WHAT YOU ARE ASKED TO DO:
What is needed is an exact reproduction of the lines in the records below, starting at the line with "可二次实名【满级M4心之恋语7粉装7特效枪 秒换绑不用等】 苹果Q区-67639热力值-15印记-120套装-213枪皮" and ending at the line with "The two other", both included, and nothing else; pictures stay out.

RECORDS PROVIDED:

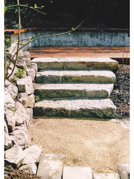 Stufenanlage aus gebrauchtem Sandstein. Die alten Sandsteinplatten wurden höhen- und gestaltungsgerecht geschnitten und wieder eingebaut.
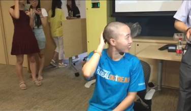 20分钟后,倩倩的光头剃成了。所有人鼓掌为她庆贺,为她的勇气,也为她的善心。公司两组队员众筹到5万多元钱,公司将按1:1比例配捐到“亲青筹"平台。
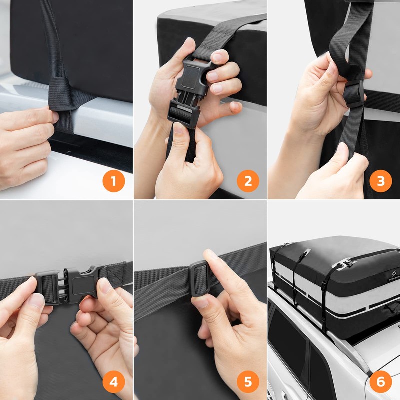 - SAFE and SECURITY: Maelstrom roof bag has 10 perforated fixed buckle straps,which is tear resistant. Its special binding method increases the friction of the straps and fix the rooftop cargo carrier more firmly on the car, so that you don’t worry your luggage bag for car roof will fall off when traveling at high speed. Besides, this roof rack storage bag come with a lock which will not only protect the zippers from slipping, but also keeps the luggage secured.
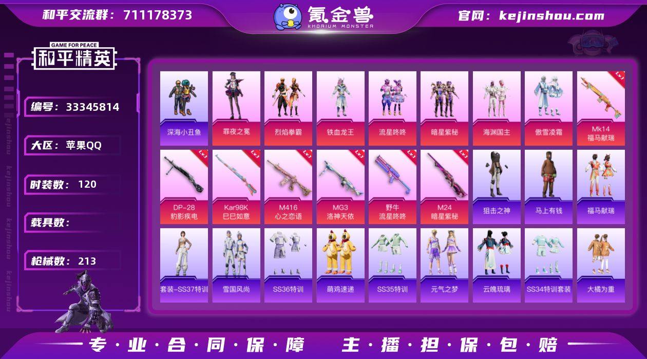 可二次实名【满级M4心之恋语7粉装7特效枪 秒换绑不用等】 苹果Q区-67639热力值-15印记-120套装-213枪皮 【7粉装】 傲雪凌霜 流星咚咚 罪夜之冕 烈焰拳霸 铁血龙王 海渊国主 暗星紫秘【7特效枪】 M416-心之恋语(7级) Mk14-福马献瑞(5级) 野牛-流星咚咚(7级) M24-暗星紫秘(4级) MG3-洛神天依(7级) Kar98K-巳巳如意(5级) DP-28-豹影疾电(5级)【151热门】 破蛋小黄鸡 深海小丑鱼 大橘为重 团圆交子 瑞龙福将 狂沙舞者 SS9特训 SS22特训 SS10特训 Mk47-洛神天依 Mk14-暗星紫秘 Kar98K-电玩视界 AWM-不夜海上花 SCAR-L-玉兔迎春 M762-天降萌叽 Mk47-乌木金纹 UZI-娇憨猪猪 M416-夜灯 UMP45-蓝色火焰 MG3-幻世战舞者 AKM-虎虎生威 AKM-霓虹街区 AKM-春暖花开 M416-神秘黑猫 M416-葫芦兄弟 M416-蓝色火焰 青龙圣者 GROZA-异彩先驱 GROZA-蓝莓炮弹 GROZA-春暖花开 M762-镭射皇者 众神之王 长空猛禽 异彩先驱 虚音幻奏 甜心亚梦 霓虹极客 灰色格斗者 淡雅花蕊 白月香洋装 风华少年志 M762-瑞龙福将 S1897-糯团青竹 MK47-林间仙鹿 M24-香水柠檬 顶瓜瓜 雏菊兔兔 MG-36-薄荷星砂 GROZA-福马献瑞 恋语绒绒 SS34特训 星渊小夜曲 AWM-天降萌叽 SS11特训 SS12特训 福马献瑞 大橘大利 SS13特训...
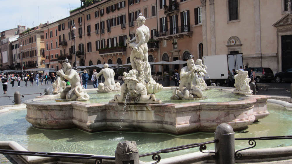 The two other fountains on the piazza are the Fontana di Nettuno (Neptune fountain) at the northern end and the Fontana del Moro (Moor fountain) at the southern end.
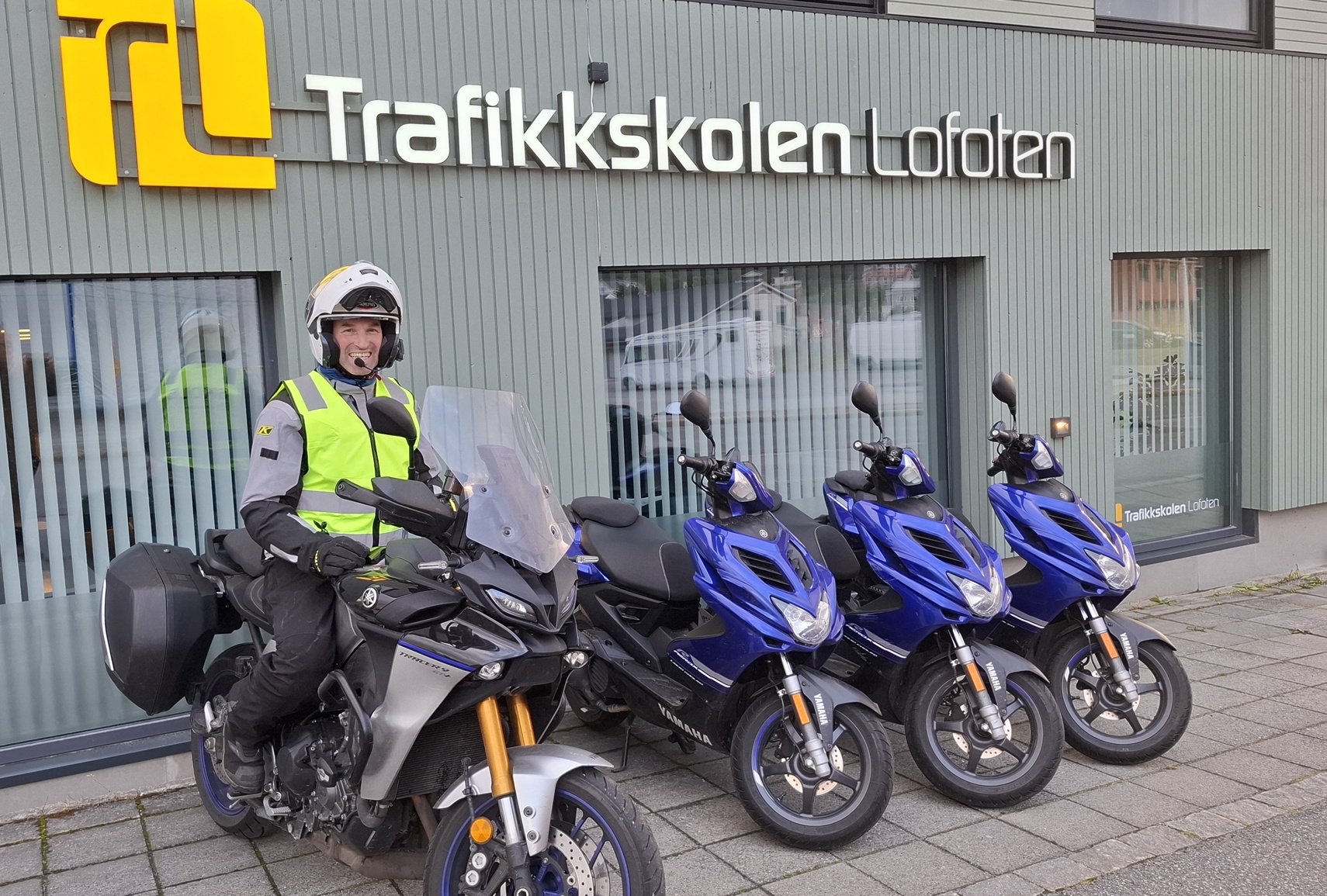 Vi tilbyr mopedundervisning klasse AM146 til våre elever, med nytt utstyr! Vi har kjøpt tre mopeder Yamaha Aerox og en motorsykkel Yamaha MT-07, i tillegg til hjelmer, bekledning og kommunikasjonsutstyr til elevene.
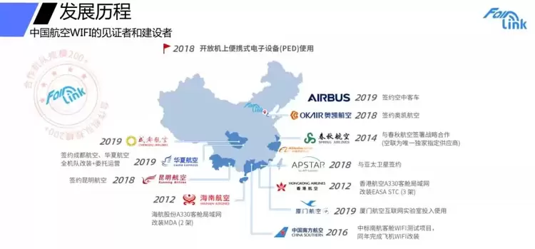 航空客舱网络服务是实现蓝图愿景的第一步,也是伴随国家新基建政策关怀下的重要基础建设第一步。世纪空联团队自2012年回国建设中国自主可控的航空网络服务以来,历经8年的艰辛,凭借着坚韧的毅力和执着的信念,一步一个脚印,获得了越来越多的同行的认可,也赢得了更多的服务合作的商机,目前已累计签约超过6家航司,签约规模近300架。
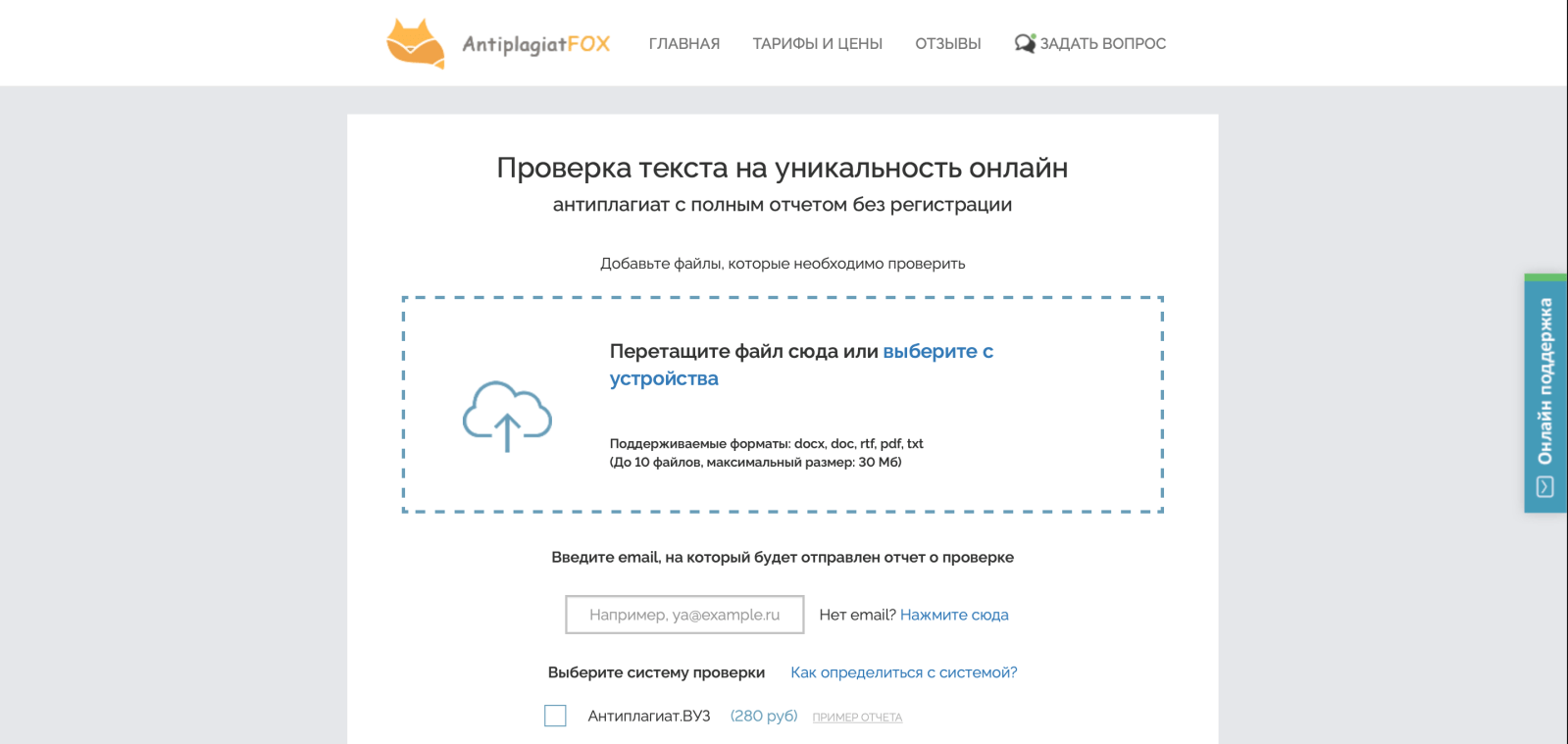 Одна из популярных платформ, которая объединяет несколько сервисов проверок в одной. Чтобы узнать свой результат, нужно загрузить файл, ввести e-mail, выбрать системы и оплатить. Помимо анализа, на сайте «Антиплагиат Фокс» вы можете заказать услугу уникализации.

--

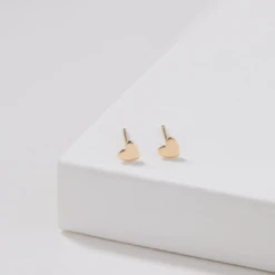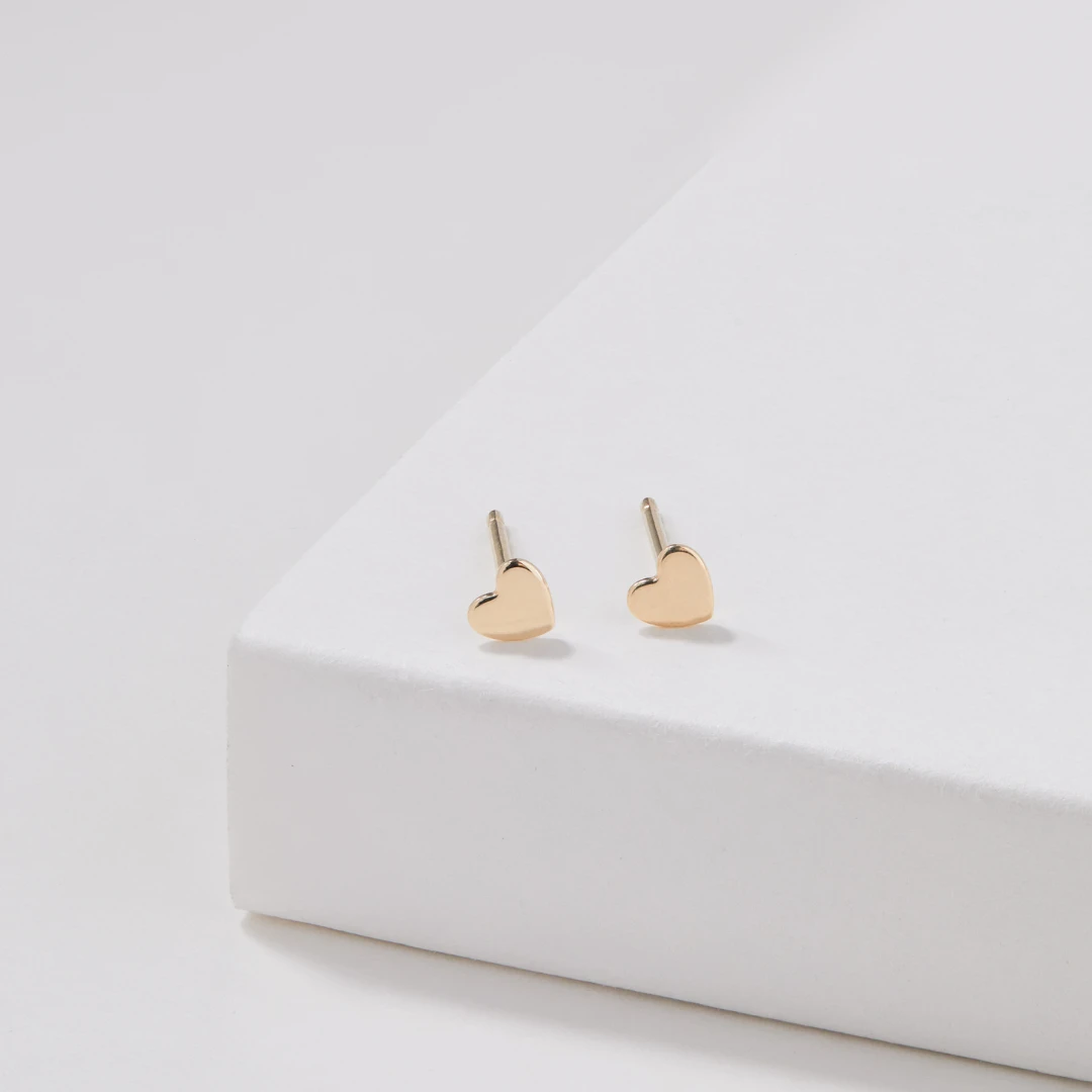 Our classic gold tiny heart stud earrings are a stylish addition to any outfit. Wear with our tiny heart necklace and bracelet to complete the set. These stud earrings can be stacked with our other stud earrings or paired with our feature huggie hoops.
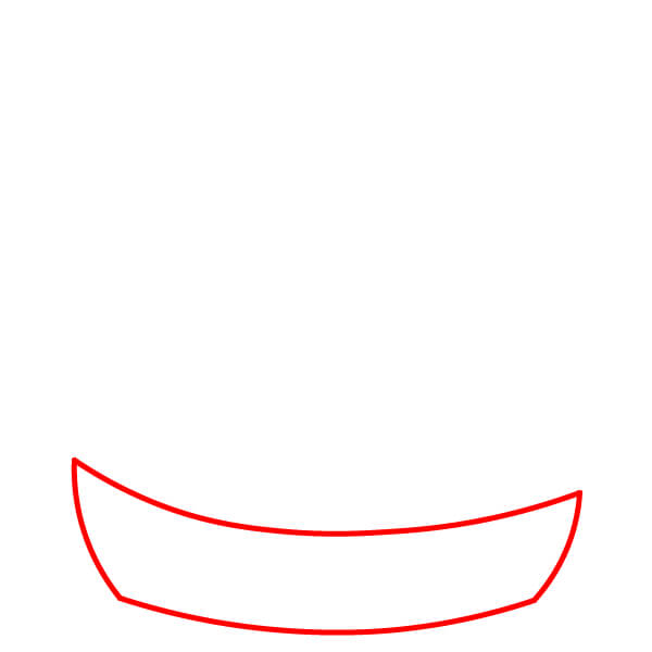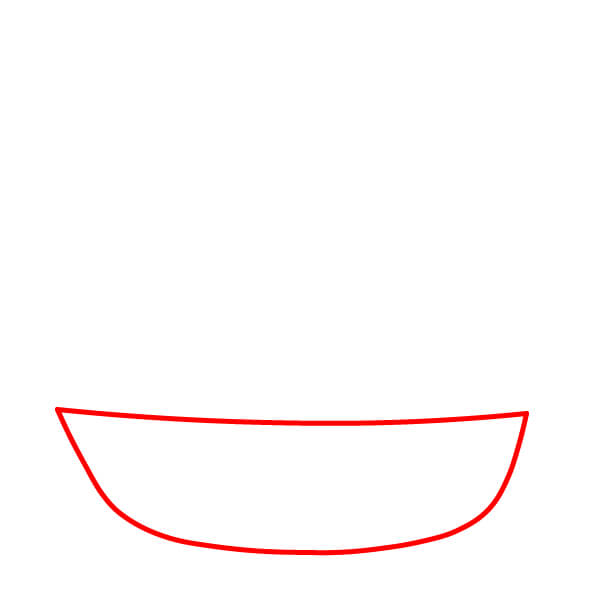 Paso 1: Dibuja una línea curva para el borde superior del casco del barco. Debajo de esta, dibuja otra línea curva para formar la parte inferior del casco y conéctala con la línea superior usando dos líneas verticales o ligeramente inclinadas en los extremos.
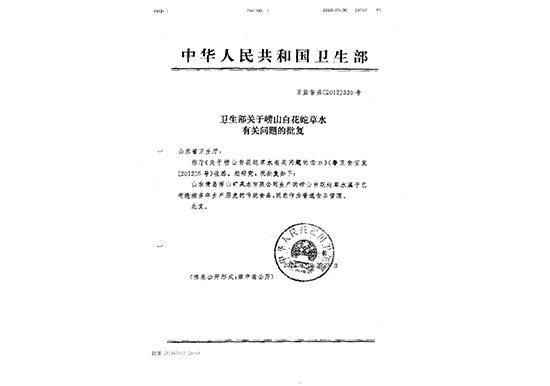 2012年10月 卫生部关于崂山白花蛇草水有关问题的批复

* * *

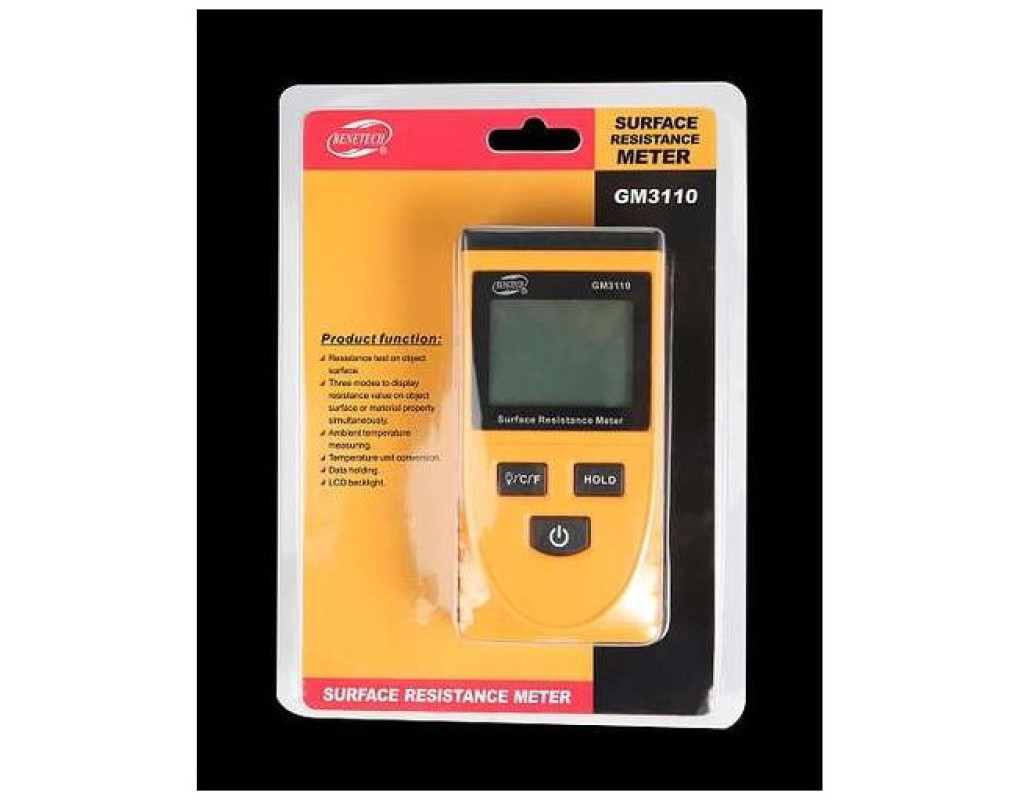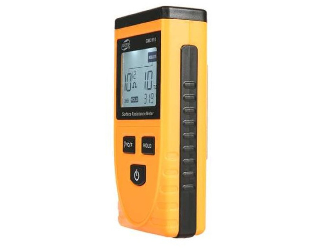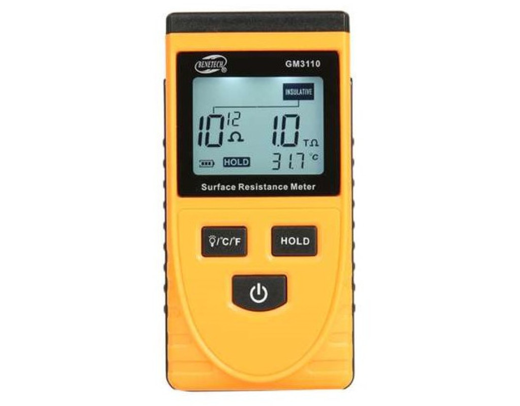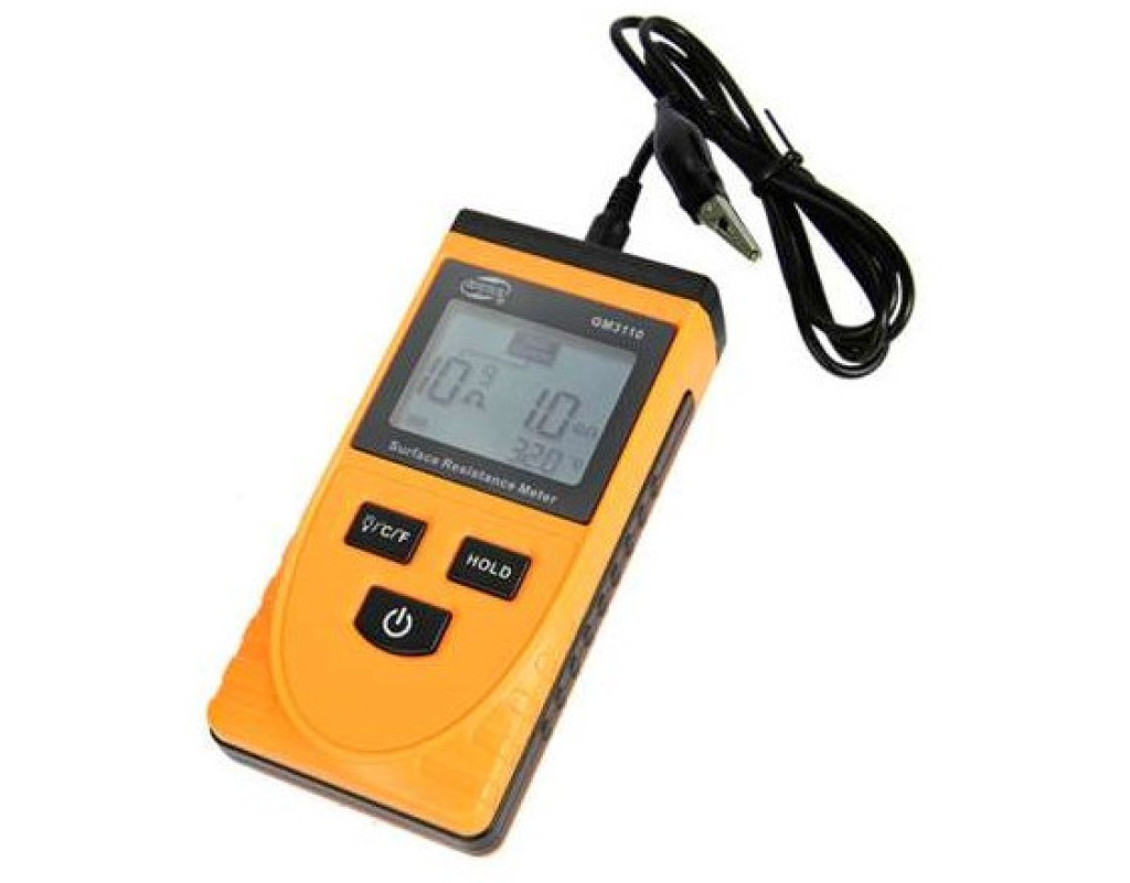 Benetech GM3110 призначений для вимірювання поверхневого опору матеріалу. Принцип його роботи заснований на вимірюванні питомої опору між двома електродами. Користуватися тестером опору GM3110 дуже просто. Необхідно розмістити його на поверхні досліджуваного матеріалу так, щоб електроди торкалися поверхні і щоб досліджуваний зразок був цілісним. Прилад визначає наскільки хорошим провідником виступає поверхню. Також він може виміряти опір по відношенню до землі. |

FINISHED EXERCISE:
 可二次实名【满级M4心之恋语7粉装7特效枪 秒换绑不用等】 苹果Q区-67639热力值-15印记-120套装-213枪皮 【7粉装】 傲雪凌霜 流星咚咚 罪夜之冕 烈焰拳霸 铁血龙王 海渊国主 暗星紫秘【7特效枪】 M416-心之恋语(7级) Mk14-福马献瑞(5级) 野牛-流星咚咚(7级) M24-暗星紫秘(4级) MG3-洛神天依(7级) Kar98K-巳巳如意(5级) DP-28-豹影疾电(5级)【151热门】 破蛋小黄鸡 深海小丑鱼 大橘为重 团圆交子 瑞龙福将 狂沙舞者 SS9特训 SS22特训 SS10特训 Mk47-洛神天依 Mk14-暗星紫秘 Kar98K-电玩视界 AWM-不夜海上花 SCAR-L-玉兔迎春 M762-天降萌叽 Mk47-乌木金纹 UZI-娇憨猪猪 M416-夜灯 UMP45-蓝色火焰 MG3-幻世战舞者 AKM-虎虎生威 AKM-霓虹街区 AKM-春暖花开 M416-神秘黑猫 M416-葫芦兄弟 M416-蓝色火焰 青龙圣者 GROZA-异彩先驱 GROZA-蓝莓炮弹 GROZA-春暖花开 M762-镭射皇者 众神之王 长空猛禽 异彩先驱 虚音幻奏 甜心亚梦 霓虹极客 灰色格斗者 淡雅花蕊 白月香洋装 风华少年志 M762-瑞龙福将 S1897-糯团青竹 MK47-林间仙鹿 M24-香水柠檬 顶瓜瓜 雏菊兔兔 MG-36-薄荷星砂 GROZA-福马献瑞 恋语绒绒 SS34特训 星渊小夜曲 AWM-天降萌叽 SS11特训 SS12特训 福马献瑞 大橘大利 SS13特训...
 The two other fountains on the piazza are the Fontana di Nettuno (Neptune fountain) at the northern end and the Fontana del Moro (Moor fountain) at the southern end.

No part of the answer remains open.